Start of DATA LISTING

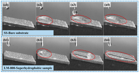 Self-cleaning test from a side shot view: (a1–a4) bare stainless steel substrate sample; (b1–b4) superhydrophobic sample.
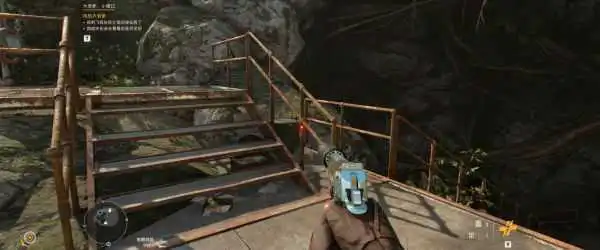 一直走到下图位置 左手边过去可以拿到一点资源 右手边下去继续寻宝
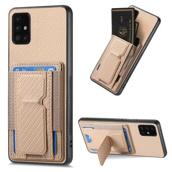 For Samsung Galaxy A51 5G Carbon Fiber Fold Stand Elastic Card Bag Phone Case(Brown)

End of DATA LISTING
Start of DATA LISTING

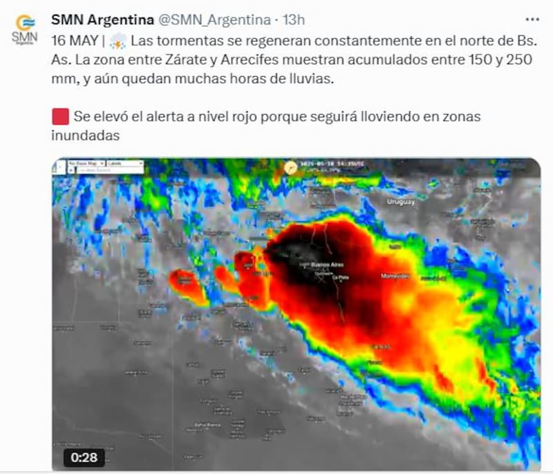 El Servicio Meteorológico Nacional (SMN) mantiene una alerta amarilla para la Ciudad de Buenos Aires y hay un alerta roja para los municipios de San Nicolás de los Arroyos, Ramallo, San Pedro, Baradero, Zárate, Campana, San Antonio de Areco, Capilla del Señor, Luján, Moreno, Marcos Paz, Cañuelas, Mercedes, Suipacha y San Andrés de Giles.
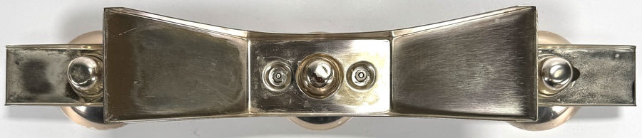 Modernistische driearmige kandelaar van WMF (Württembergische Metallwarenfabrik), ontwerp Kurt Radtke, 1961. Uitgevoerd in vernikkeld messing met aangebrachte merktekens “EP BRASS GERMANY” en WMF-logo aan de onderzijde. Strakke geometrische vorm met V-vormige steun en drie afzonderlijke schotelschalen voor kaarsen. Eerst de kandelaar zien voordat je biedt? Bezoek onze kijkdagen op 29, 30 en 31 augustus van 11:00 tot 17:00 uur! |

End of DATA LISTING
Start of DATA LISTING

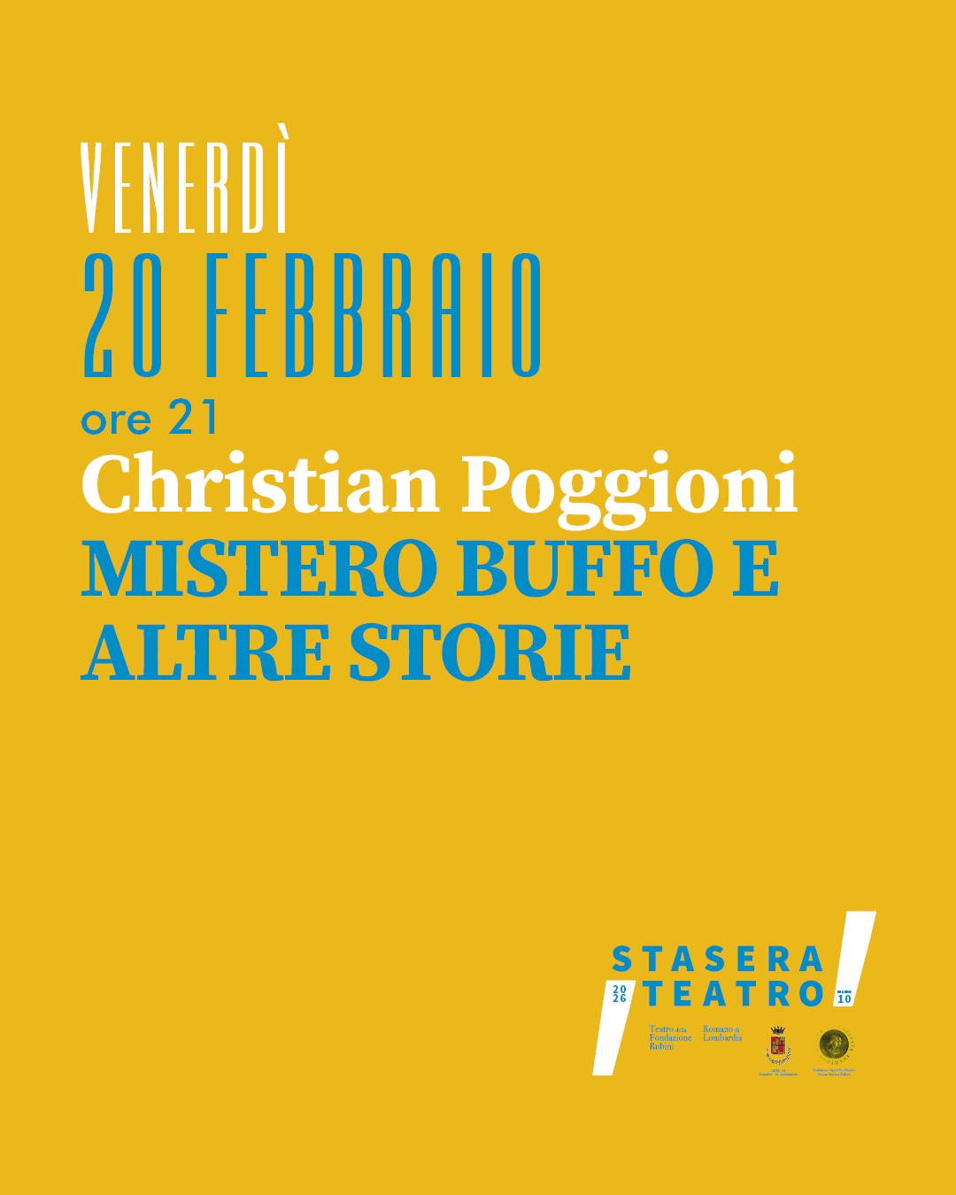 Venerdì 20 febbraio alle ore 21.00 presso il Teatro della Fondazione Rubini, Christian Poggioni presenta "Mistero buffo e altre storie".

End of DATA LISTING

▸ ASSIGNMENT:
Copy exactly the lines of the listing above between the one holding "一直走到下图位置 左手边过去可以拿到一点资源 右手边下去继续寻宝" and the one holding "For Samsung Galaxy", inclusive; omit all pictures.

▸ FINISHED EXERCISE:
 一直走到下图位置 左手边过去可以拿到一点资源 右手边下去继续寻宝
 For Samsung Galaxy A51 5G Carbon Fiber Fold Stand Elastic Card Bag Phone Case(Brown)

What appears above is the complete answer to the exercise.